My wrists are sweating. Wrists? Yes. I wring my hands together and wipe them on my pants. I try not to look away from Jeehye. 

 “The love at the centre of our shared endeavour has been used to cover up the uncomfortable parts of working in a group. In any group, there will be conflict. Things will break. And they can either be fixed, paved over, or replaced.”

“In order to make this place safer, I have replaced one of our members – or removed them, as the case may be. But until you all know what happened, until you know to maintain the fix, it will keep breaking and breaking, driving a wedge into one important piece of us.”

 Jeehye breathes. “This ship must have a navigator; but in that duty, I have ignored my obligations to the ship’s maintenance. Sorry – my father was a sailor.”

 An uncomfortable rippling giggle. The choir has become an implicated crowd, an audience that doesn’t know they’re part of the play. 

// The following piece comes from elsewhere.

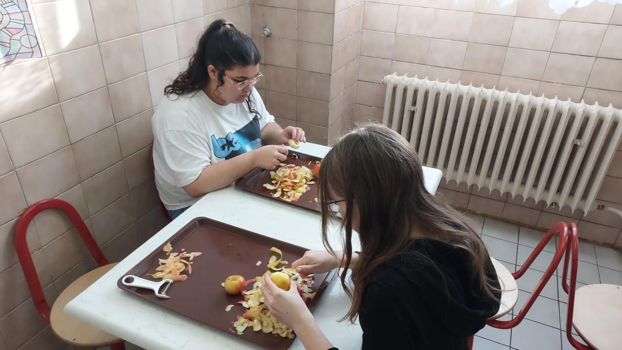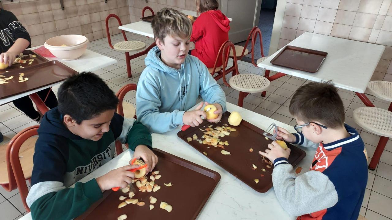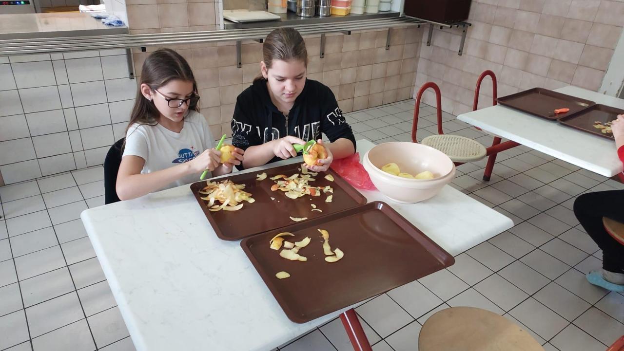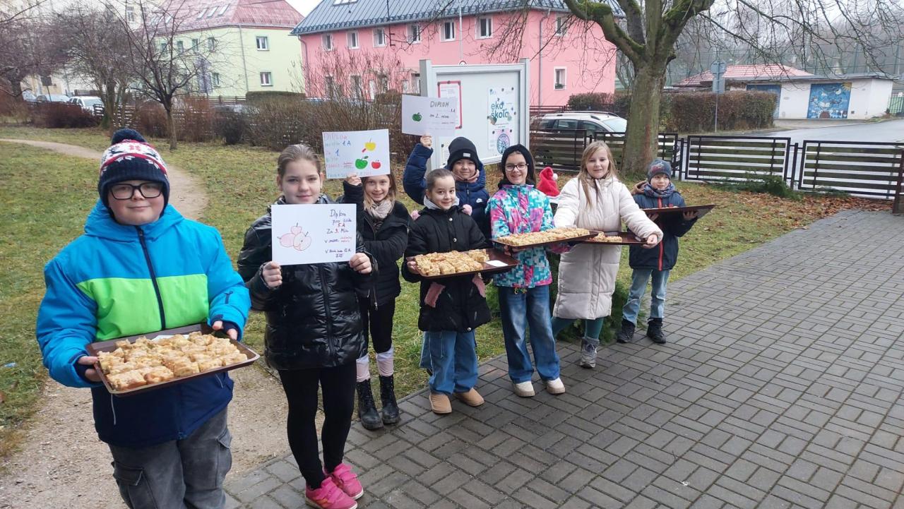 Děkujeme všem žákům za jejich nadšení, poctivost a chuť se zapojit. Jako poděkování všem soutěžícím upekly paní kuchařky jablečný koláč, na který jablka loupali členové Ekotýmu.

 I speak. I don’t need permission.

 “You know how they say that love is blind?” I say. “It’s also blinding. And if love covers up pain, I don’t want it. I will prioritize pain and truth over comfortable ignorance.”

 I deserve the space. I deserve to take the reins. It is mine. It is uncomfortable and necessary. 

 I say three more words. One of them twists my mouth around it, like fingers gripping my face, my lips. 

 Eventually, I leave. I get on my bike and ride it through the dark at six p.m. I don’t go home – I veer into the river valley. 

 There are bike paths for nerds, and there are bike paths for assholes. I take the latter, a groove dug into the frozen slope of mud. I go too fast, and decide not to brake until I’m certain I’m going to die. I don’t die, or even fall. I do bash my shoulder into the tree at the bottom, but it feels good to push on the world and have the world push back. 

 The altar is still there at the bottom, crafted out of sticks and abandoned bottles. I supplicate before the forest god with a bag of berries I didn’t use for the fly trap. As is custom, I eat one and smear the rest upon the altar. They’re too soft, squishy in my mouth. 

 I prop my bike against the tree and perch on top of it while I wait. I sit there for seventeen minutes. 

 The forest god laps at its berries. Red stains its mouth as mine has been stained. I hold my breath until it is a struggling bird in my ribs. But I’ve got lung capacity for days. 

 “I told them today.” I say, letting the words out with the breath. “I’m not sure if it’s going to be better. I feel sick.”

 The truth may not itself be a moral good, the forest god replies. 

 “I feel like I’m sharing my pain, rather than healing it.”

 Pain can be diluted by its sharing.

 “Sometimes it just multiplies, though.”

 Perhaps. There is a required dilutive factor. 

 “You don’t talk like you’re ancient.”

 I don’t talk at all. 

 “I know. But I like you anyway.”

 Thanks. 

 The forest god flits away. I trudge back up the hill with my bike and ride back home. 

 I make dinner, store the leftovers. My roommate tells me he likes Steinbeck, but finds him unfocused. What’s with these multiple generations, anyway? I stomp down the husks of a squash and decide that the garbage is too full. I erase the 8and write 0.1

Mouse follows me into the alley and rolls in the snow. I try to brush him off, and he goes to roll in the snowy mud. 

It’s not a healing, or a beginning. Not any more than a sunrise is a beginning; the sun had its whole life before you saw it, millions of years before you were alive, and it doesn’t care whether it’s rising or setting. It doesn’t care if you’re here or not, and neither does your body. 

All you can really do is be there, minimizing your waste, making your space.